Today’s highly connected digital landscape has transformed the way we do banking. However, this increase in convenience comes with various security risks that render financial institutions (FIs) vulnerable. As FIs handle larger and larger volumes of data every day, it can be difficult to detect suspicious activities, such as those that may be indicative of money laundering and financial fraud. Without the right tools, FIs cannot stay compliant with government and transnational regulations, and they won’t be able to enact measures such as anti-money laundering (AML) initiatives to protect their clients, systems, and overall business posture. One such tool that banks and other financial entities can use for AML compliance is graph analytics. Simply put, graph analytics entails using advanced algorithms to automatically establish relationships between nodes or entities in a graph, which may represent a number of things, including financial institutions, customers, and transactions. With its emphasis on establishing connections, this diagram-based visualization technique has been proven effective in helping law enforcement professionals and intelligence analysts detect cybercrimes and identify leaders of criminal organizations.
As financial crimes like money laundering become more sophisticated, your institution needs to be more proactive in protecting your customers and in fortifying the security of your front-and back-end operations. In this article, we’ll talk about how graph analytics changes the game by helping you quickly nip criminal activities like money laundering in the bud.
Graph Analytics Can Level Up Detection and Monitoring Efforts
To detect potential cases of money laundering, graph algorithms identify the shortest path between entities. The longer the path, the more likely it will indicate a case of money laundering. Unlike rules-based detection processes, graph analytics can establish these distant relationships and complex pathways to uncover previously undetected connectivity patterns between malicious and non-suspicious actors.
Intuitive programming languages like the Property Graph Query Language (PGQL) help in this regard by detecting intricate patterns in fund transfers, for example. Financial platforms that use PGQL-based graph analytics techniques allow users to create queries to identify potential scenarios and establish a chain of transactions. This is particularly helpful in identifying ultimate beneficiary owners (UBOs) who are often the masterminds behind money laundering schemes.
It Can Help Narrow Down High-Risk Entities
Graph analytics uses algorithms to rank entities based on importance. One such algorithm is degree centrality, which can be used to determine how connected an entity is to other nodes in the graph. Together with artificial intelligence (AI), graph analytics tools can help uncover high-risk entities and prevent investigators from wasting time on false positives.

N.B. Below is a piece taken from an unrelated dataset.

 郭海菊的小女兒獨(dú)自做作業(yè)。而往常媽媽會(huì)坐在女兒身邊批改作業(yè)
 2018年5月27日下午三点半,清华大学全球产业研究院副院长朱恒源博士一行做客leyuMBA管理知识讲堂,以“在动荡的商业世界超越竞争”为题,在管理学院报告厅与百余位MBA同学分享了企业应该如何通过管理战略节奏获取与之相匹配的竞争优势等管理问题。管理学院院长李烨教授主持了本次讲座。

FIs can use AML tools with graph analytics algorithms to determine individuals or businesses with unusually high levels of connectedness. Additionally, these tools can help FIs do their due diligence and narrow down customers who may need to undergo further know your customer (KYC) processes.
Oracle’s AML software, for example, uses risk scoring models to support KYC procedures. This allows FIs to have a comprehensive view of customers’ risk posture in relation to countries, jurisdictions, businesses, and individuals under a certain industry, ultimately helping these institutions double down on their AML efforts.

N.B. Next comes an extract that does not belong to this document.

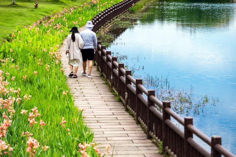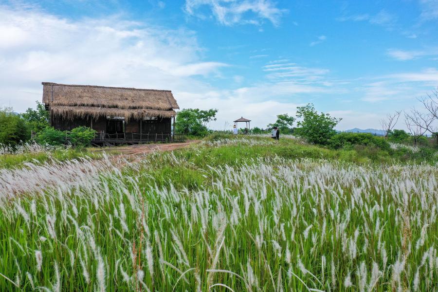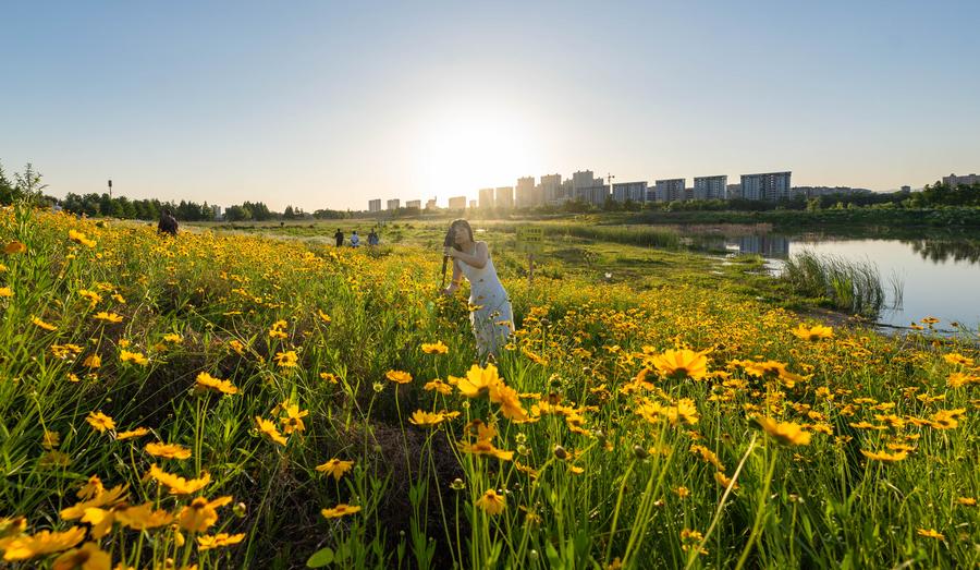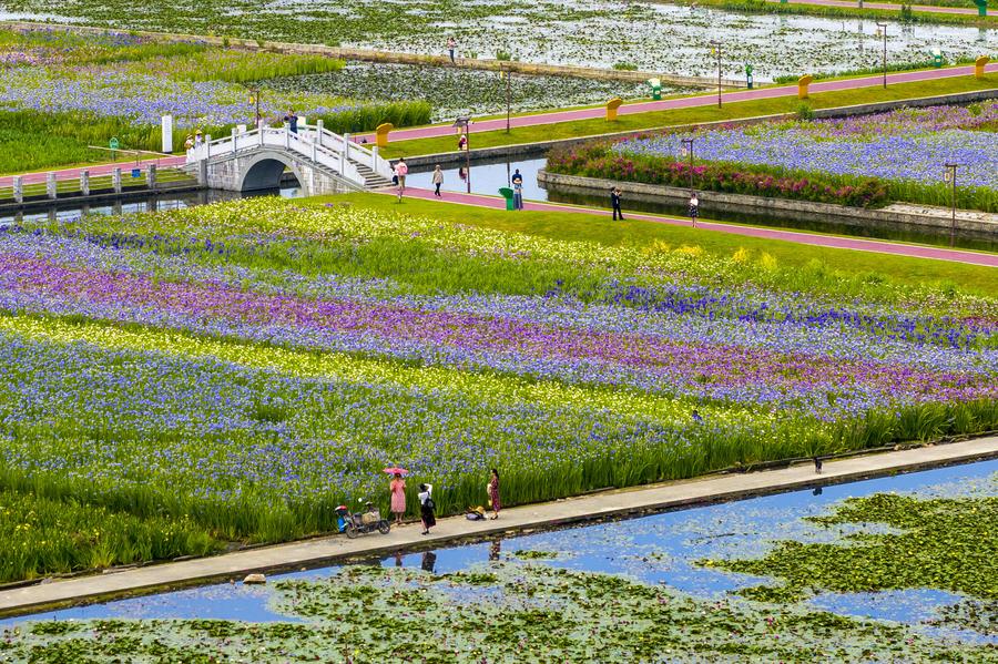 This photo taken on May 16, 2024 shows blooming flowers at the Baita Lake national wetland park in Zhuji City, east China's Zhejiang Province. In recent years, Baita Lake national wetland park has implemented ecological restoration projects to improve the wetland ecological environment and promote the harmonious co-existence between man and nature. (Xinhua/Xu Yu)

Graph Analytics Can Aid in Establishing an Overarching Financial Crime Graph
Combined with natural language processing (NLP), graph analytics can help institutions create a broad, interconnected graph that instantly highlights suspicious activities and potentially malicious actors. A comprehensive graph that makes sense of structured and unstructured customer data provides actionable insights that can aid in AML investigations as well as KYC efforts.
Moreover, making use of graph analysis capabilities allows FIs to have a better overview of financial activities and gain an upper hand in combating money laundering schemes and other financial crimes.
It Can Speed Up Investigations By Providing Context
Graphs are vital tools for AML investigations because they help analysts quickly determine if an alert is an isolated case or a warning sign for interconnected criminal activity. AML technologies with graph analytics features also aid in the creation of suspicious activity reports (SAR) and suspicious transaction reports (STRs), essentially boosting investigator productivity by immediately singling out causes for concern. Oracle’s AML solution, for instance, rapidly conducts risk analysis and compares customer data with global watchlists, sanctions, and politically exposed persons (PEPs) to contextualize its report generation functions.
In contrast, AML investigations that do not utilize graph analysis are limited by disparate datasets such as transactions, account data, and personal information that are relatively difficult to put into context.
Experience a Different Way of Battling Financial Crime
Using graph analytics for AML efforts has evident benefits such as stronger customer security, speedier investigations, and clearer data visualization. But before you start implementing advanced AML solutions, you need to understand that managing these capabilities requires commitment and technical expertise. It would be wise not to charge head-first when implementing next-level AML solutions and make sure to conduct thorough planning and consultation beforehand.
That said, you should strongly consider adopting graph analysis to improve your institution’s regulatory compliance and to fortify your security posture. Beyond these core benefits, embracing new AML methods is a necessary step that you must make to promote financial security in a way that transcends borders, technologies, and industries.